Regio – In de MvT bij het ontwerp van de Omgevingswet (2014) werd naar voren gebracht dat de Omgevingswet in de plaats zal komen van maar liefst 26 wetten (33 962, nr. 3). Dat wordt de laatste tijd door minister De Jonge regelmatig in debatten, brieven en keynotes aangehaald om aan te geven hoe belangrijk het is dat de Omgevingswet spoedig van stapel zal lopen. Nodig om de grote fysieke opgaven in de leefomgeving aan te kunnen pakken.
Zoals onlangs nog in de brief van 14 oktober 2022 (33 118, EK) waarin staat dat met de samenvoeging van (grote delen van) 26 sectorale wetten, 60 algemene maatregelen van bestuur en meer dan 60 regelingen een samenhangend wettelijk stelsel voor het beschermen en benutten van die leefomgeving is ontstaan. Was het maar zo eenvoudig.

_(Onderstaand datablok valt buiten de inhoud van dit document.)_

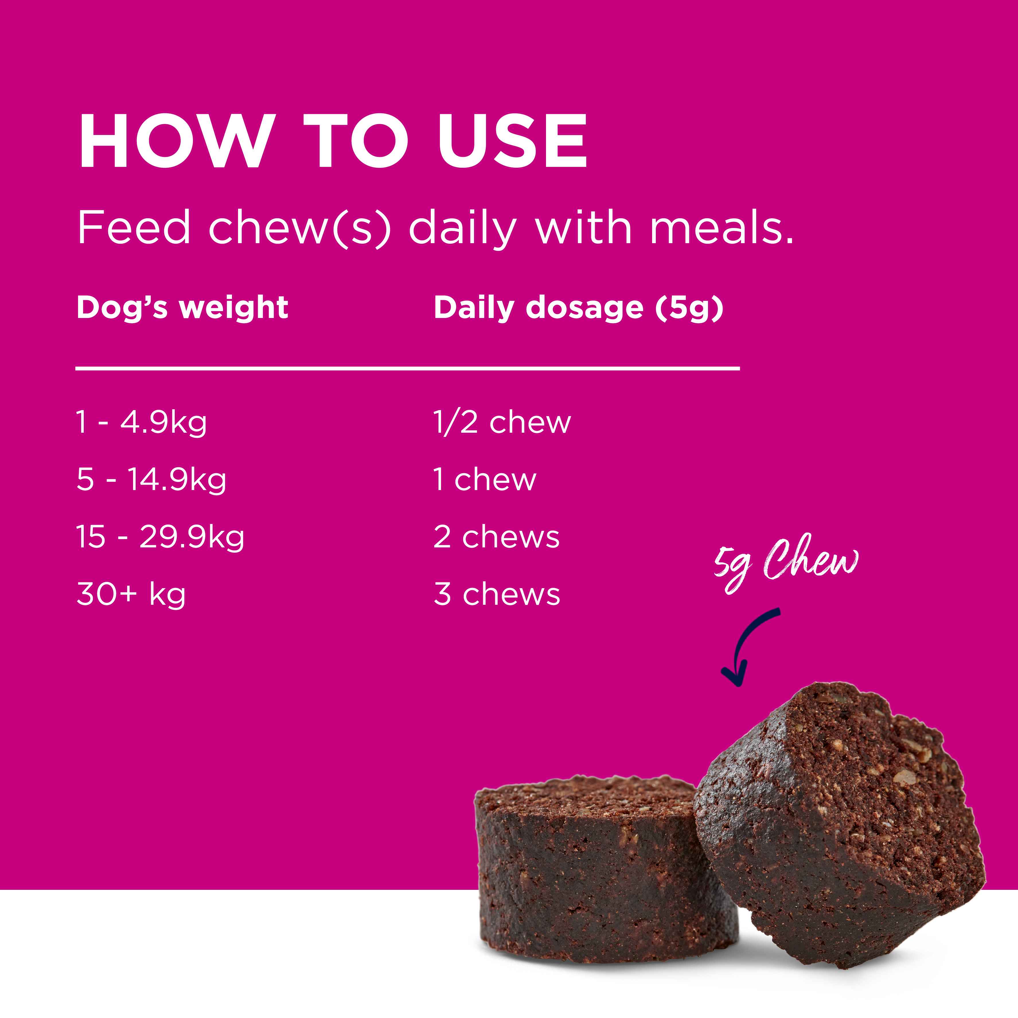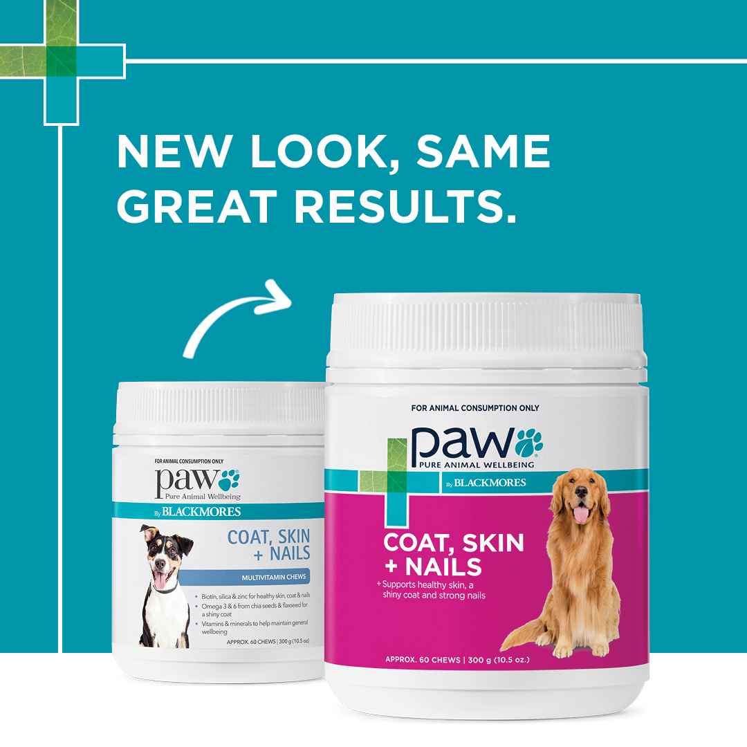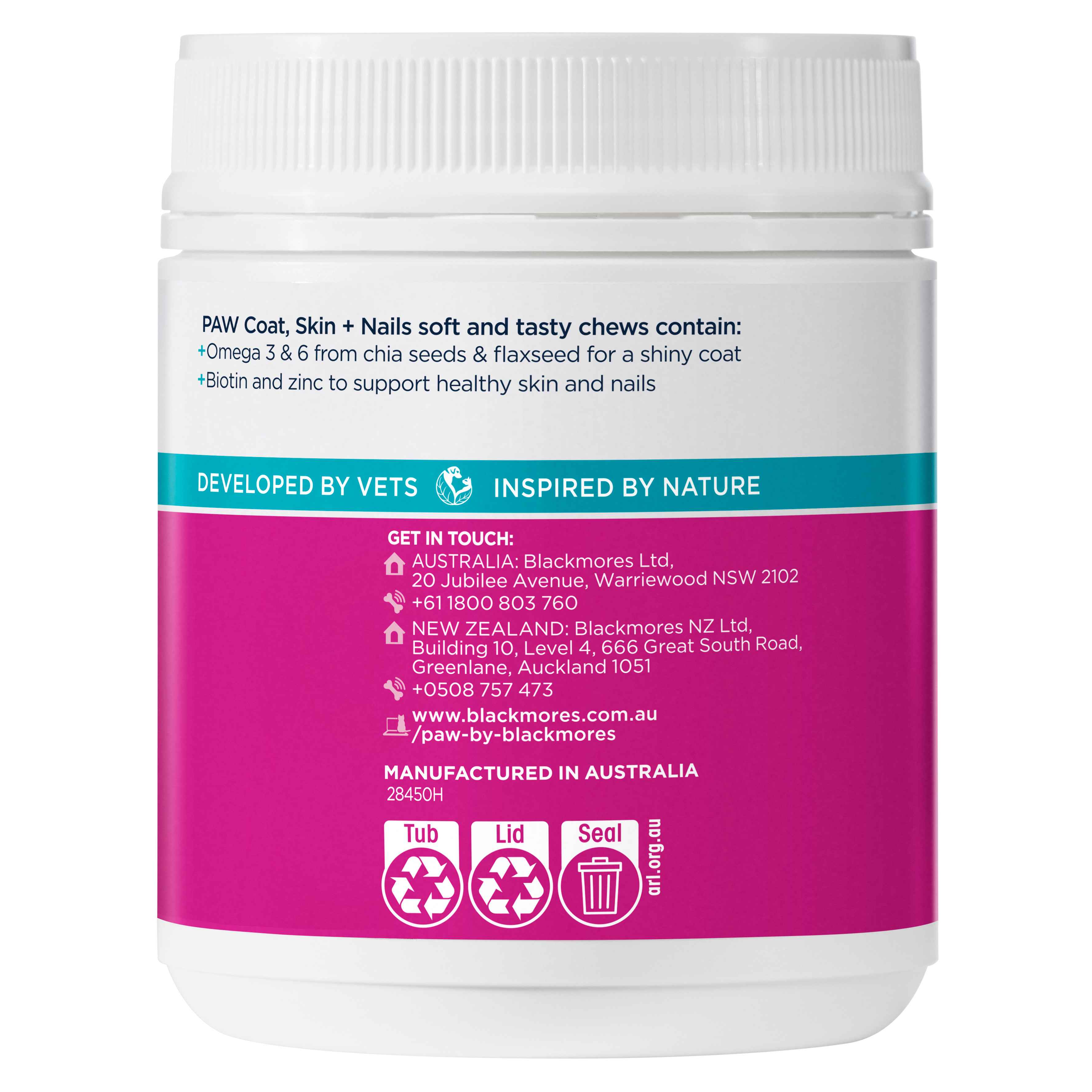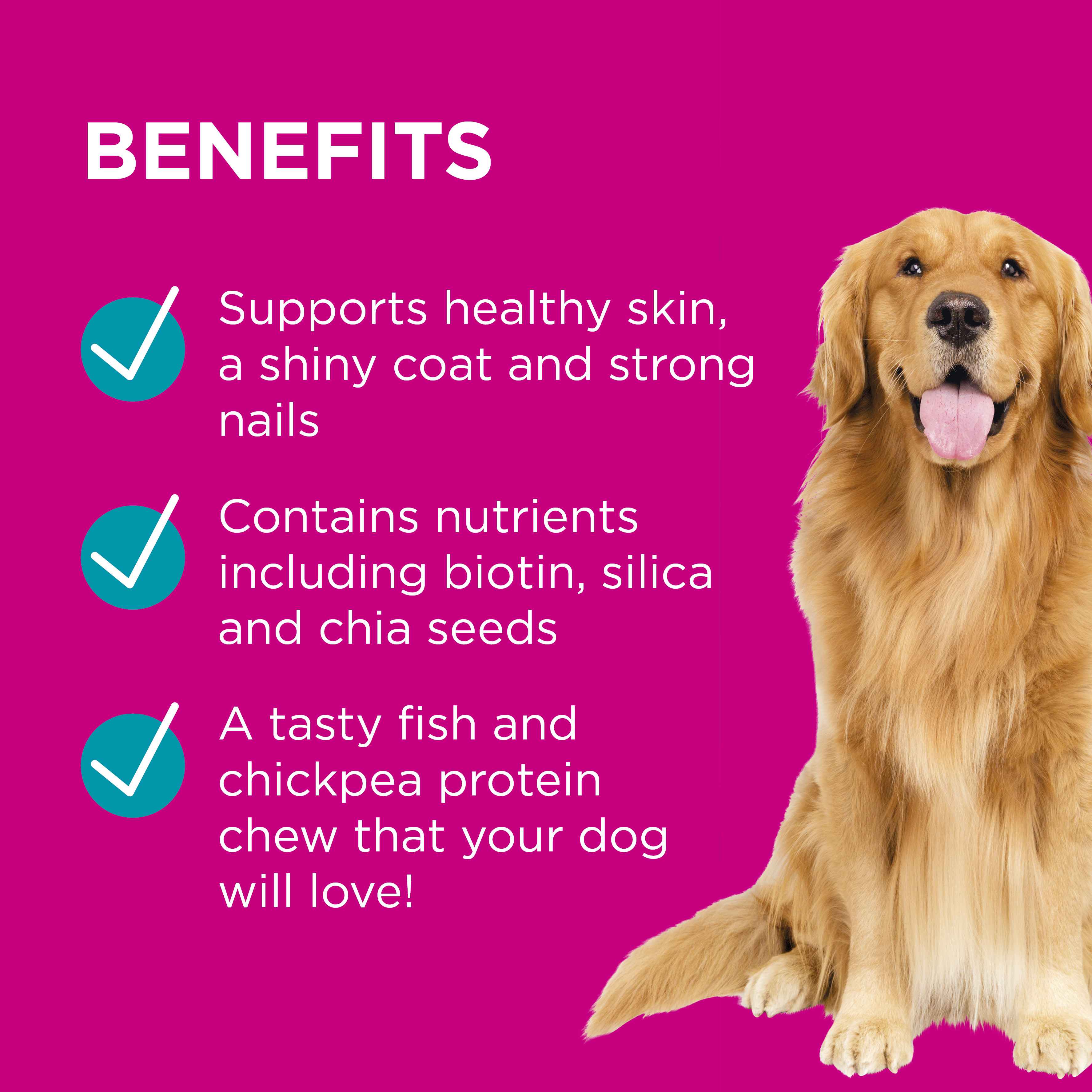 PAW Coat, Skin + Nails™ 複合維生素咀嚼片蘊含生物素和奇亞籽等必需營養素,有助於維持狗狗的皮膚和毛髮健康。

In de bijlage staat welke wetten (het zijn er inmiddels 20) worden ingetrokken.
U zult al snel zien dat er nauwelijks enige samenhang bestaat tussen de wetten. Wat is bijvoorbeeld die tussen de Wet hygiëne en veiligheid badinrichtingen en zwemgelegenheden, de Wet ammoniak en veehouderij, de Spoedwet wegverbreding en de Belemmeringwet Landsverdediging?
Het is niet zo verstandig om al die netjes sectoraal geordende bepalingen uit elkaar te trekken, uit te zaaien over de verschillende hoofdstukken van de Omgevingswet of over te poten in de algemene maatregelen van bestuur. Het slagveld is niet eenvoudig te overzien.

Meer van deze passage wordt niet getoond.